┌─ Records for processing

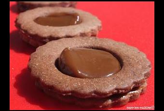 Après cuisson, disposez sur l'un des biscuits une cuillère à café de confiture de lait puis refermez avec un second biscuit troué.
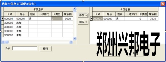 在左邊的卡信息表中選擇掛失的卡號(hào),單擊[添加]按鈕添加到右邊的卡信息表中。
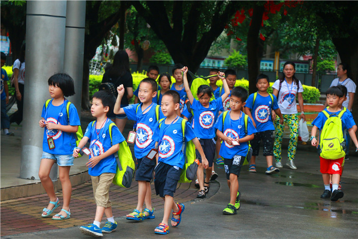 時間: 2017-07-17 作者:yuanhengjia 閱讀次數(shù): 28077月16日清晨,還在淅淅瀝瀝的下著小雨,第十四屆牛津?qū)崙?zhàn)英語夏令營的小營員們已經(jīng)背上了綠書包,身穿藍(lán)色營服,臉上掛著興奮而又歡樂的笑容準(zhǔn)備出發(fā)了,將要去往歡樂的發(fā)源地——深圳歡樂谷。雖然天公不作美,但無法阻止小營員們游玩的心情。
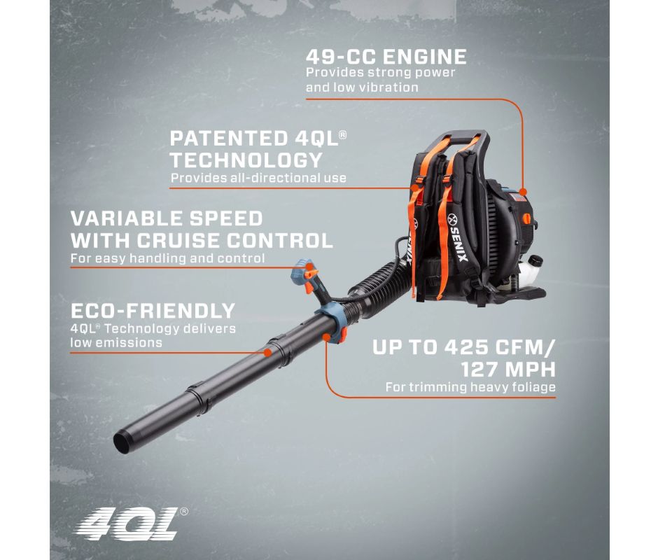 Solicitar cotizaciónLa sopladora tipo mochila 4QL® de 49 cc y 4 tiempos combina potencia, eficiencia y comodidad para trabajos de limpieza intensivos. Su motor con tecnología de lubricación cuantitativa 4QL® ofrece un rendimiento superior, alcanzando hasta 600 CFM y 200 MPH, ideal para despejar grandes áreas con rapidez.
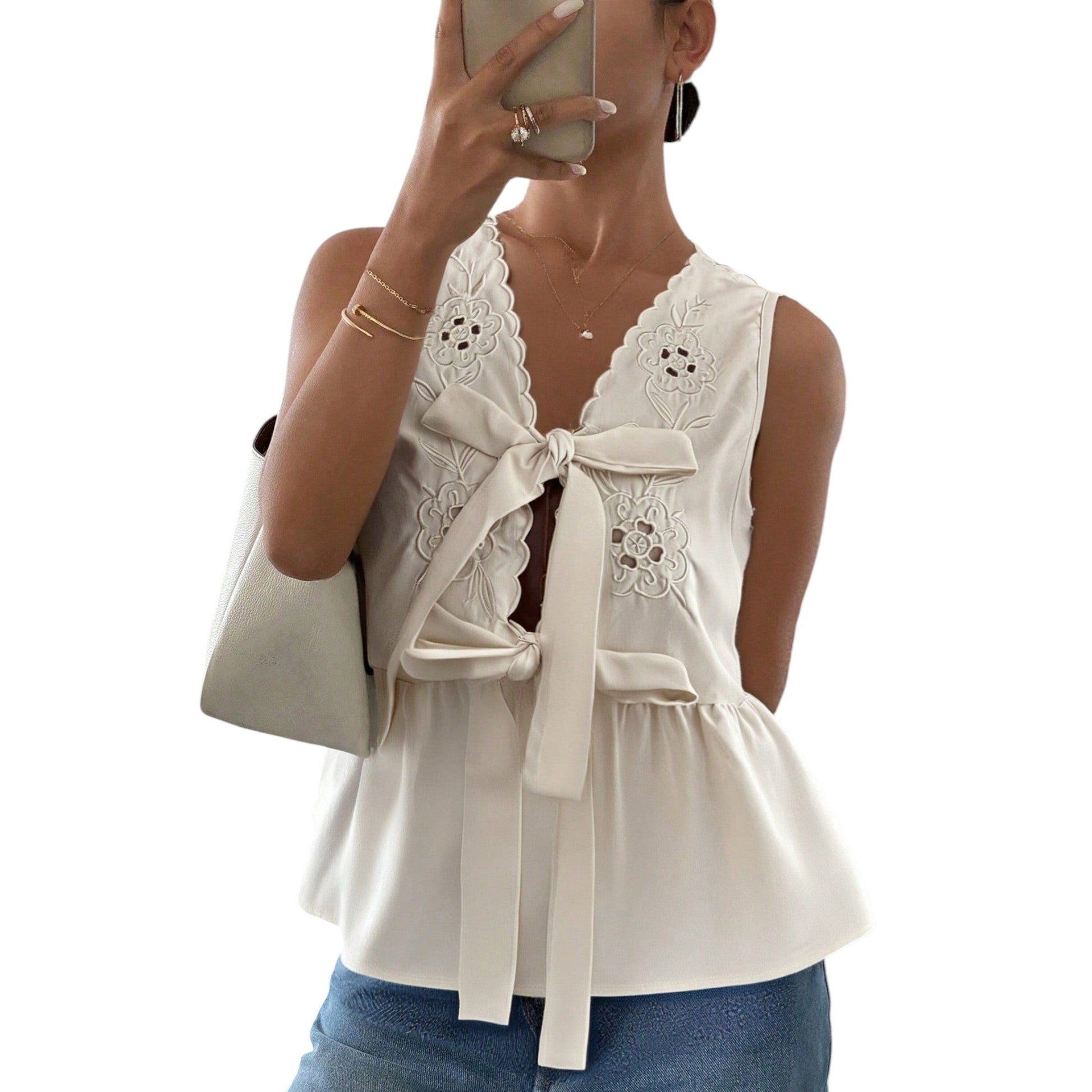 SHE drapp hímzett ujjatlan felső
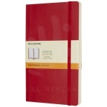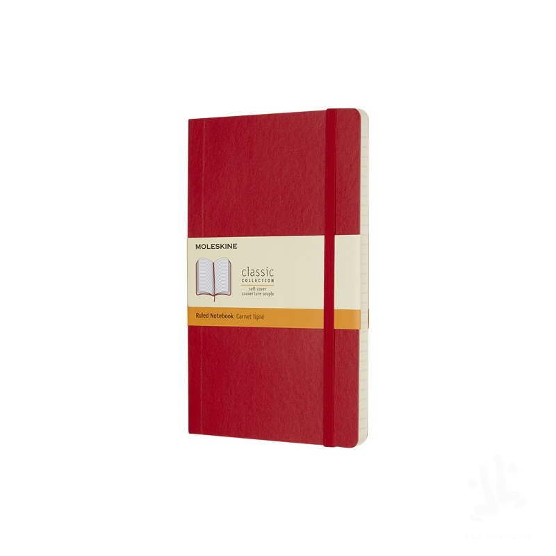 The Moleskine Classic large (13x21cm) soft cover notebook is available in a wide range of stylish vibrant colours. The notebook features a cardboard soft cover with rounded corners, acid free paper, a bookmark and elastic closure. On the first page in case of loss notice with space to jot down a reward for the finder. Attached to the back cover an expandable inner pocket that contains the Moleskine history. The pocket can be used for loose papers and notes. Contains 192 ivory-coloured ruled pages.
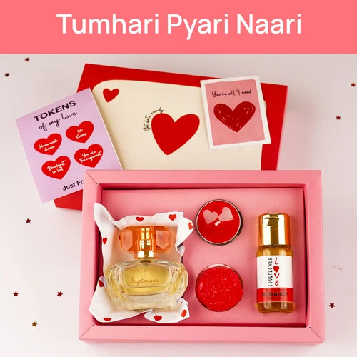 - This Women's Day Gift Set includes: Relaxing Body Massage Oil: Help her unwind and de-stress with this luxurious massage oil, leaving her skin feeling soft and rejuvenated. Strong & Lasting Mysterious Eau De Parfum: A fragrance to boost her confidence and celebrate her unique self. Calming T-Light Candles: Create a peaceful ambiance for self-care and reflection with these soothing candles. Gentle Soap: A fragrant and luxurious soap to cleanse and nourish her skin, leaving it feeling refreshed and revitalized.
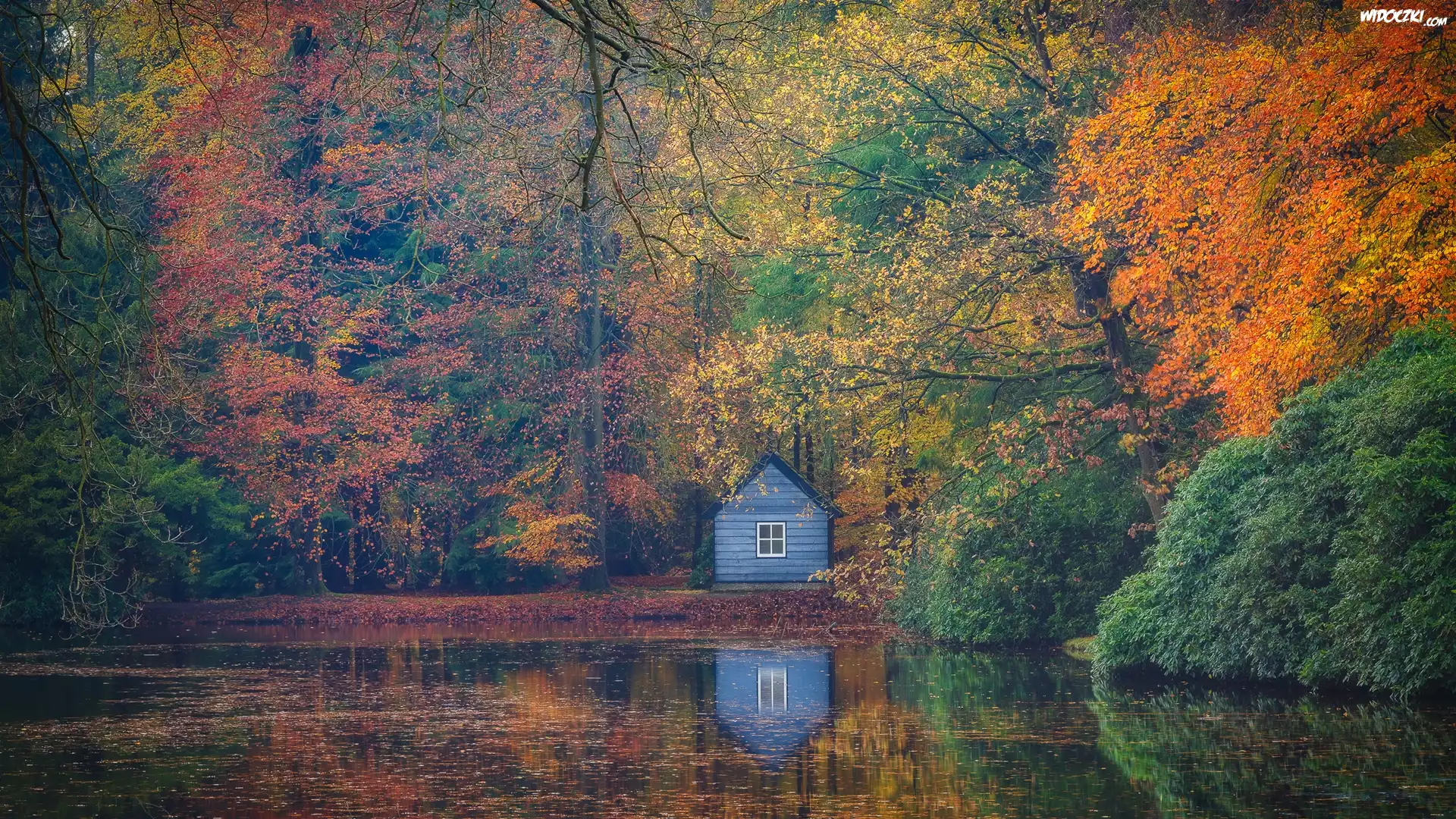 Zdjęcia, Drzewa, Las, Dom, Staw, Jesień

└─
┌─ Records for processing

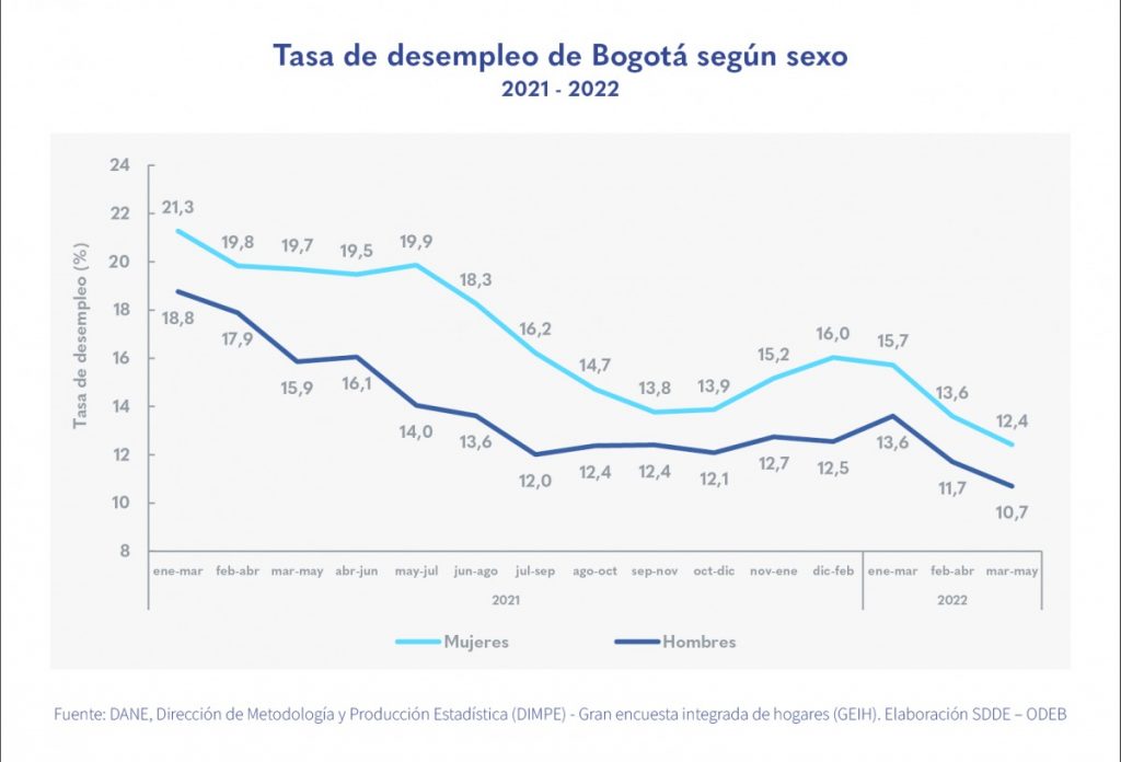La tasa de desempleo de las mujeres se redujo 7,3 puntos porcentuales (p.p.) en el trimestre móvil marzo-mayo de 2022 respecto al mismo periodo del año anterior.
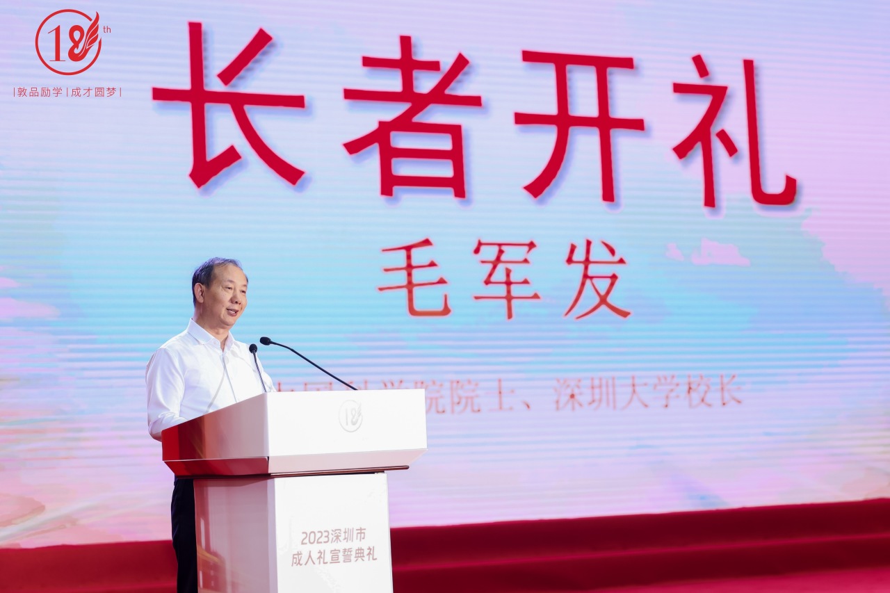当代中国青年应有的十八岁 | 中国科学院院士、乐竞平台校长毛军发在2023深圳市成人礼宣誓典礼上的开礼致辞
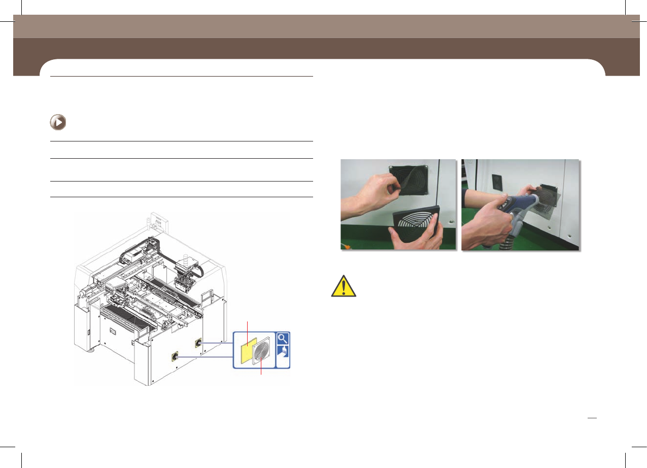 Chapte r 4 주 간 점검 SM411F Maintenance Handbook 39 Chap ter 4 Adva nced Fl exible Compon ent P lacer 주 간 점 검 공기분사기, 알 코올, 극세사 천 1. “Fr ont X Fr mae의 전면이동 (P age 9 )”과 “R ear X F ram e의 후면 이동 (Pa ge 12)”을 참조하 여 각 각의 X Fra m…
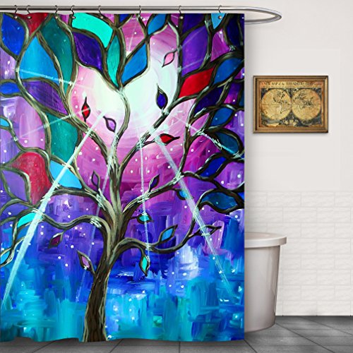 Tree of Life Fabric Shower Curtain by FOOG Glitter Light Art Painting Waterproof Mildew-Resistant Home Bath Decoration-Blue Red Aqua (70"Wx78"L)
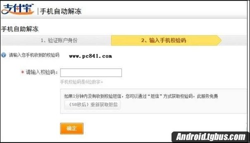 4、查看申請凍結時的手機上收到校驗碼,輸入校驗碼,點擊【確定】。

└─
┌─ Records for processing

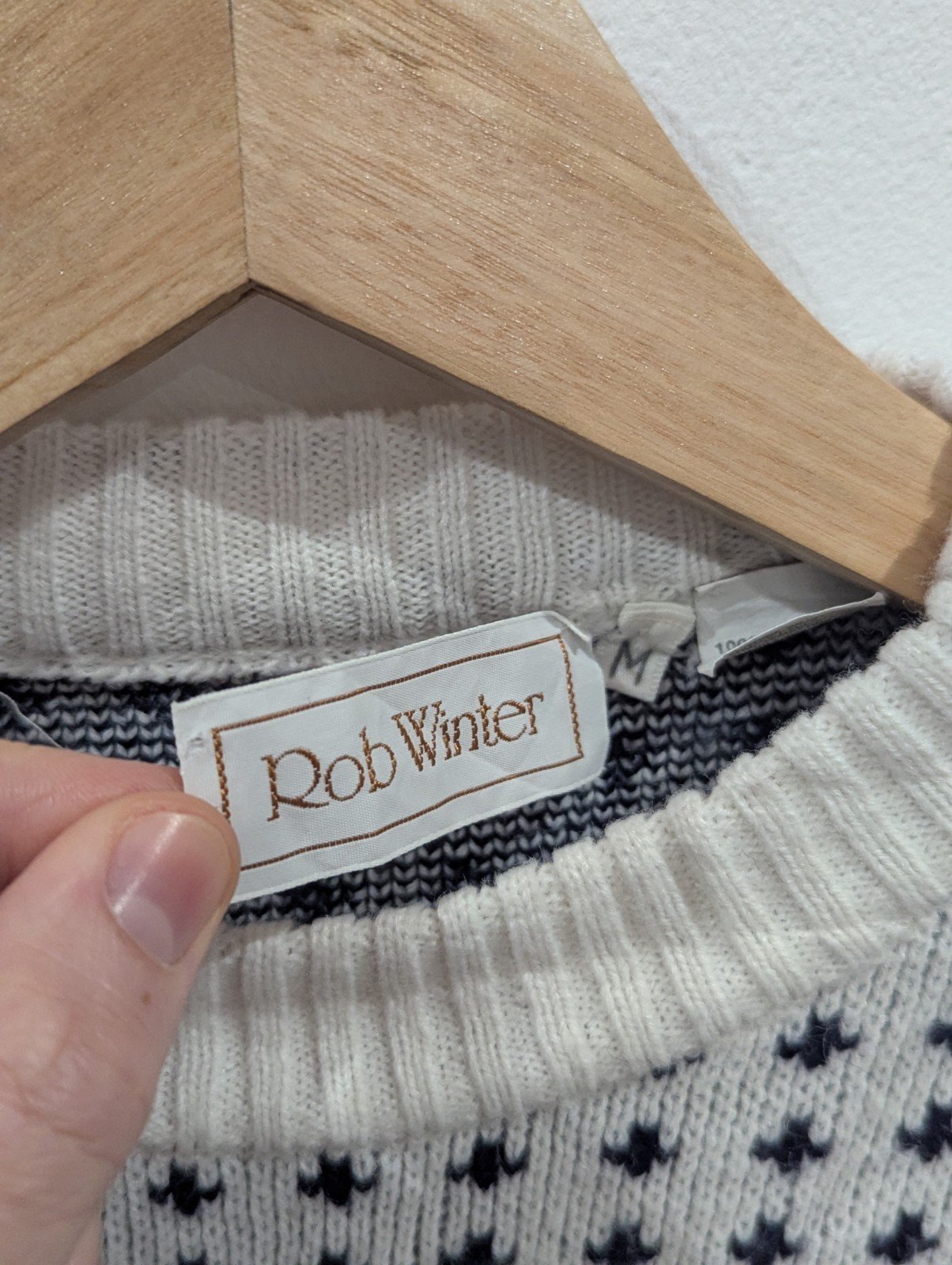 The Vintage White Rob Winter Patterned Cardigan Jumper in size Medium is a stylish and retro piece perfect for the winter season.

└─

Exercise goal.
All that should appear in the answer is the lines above from the line with "Après cuisson, disposez" through the line with "SHE drapp hímzett ujjatlan felső", retyped exactly, pictures left out.

Result.
 Après cuisson, disposez sur l'un des biscuits une cuillère à café de confiture de lait puis refermez avec un second biscuit troué.
 在左邊的卡信息表中選擇掛失的卡號(hào),單擊[添加]按鈕添加到右邊的卡信息表中。
 時間: 2017-07-17 作者:yuanhengjia 閱讀次數(shù): 28077月16日清晨,還在淅淅瀝瀝的下著小雨,第十四屆牛津?qū)崙?zhàn)英語夏令營的小營員們已經(jīng)背上了綠書包,身穿藍(lán)色營服,臉上掛著興奮而又歡樂的笑容準(zhǔn)備出發(fā)了,將要去往歡樂的發(fā)源地——深圳歡樂谷。雖然天公不作美,但無法阻止小營員們游玩的心情。
 Solicitar cotizaciónLa sopladora tipo mochila 4QL® de 49 cc y 4 tiempos combina potencia, eficiencia y comodidad para trabajos de limpieza intensivos. Su motor con tecnología de lubricación cuantitativa 4QL® ofrece un rendimiento superior, alcanzando hasta 600 CFM y 200 MPH, ideal para despejar grandes áreas con rapidez.
 SHE drapp hímzett ujjatlan felső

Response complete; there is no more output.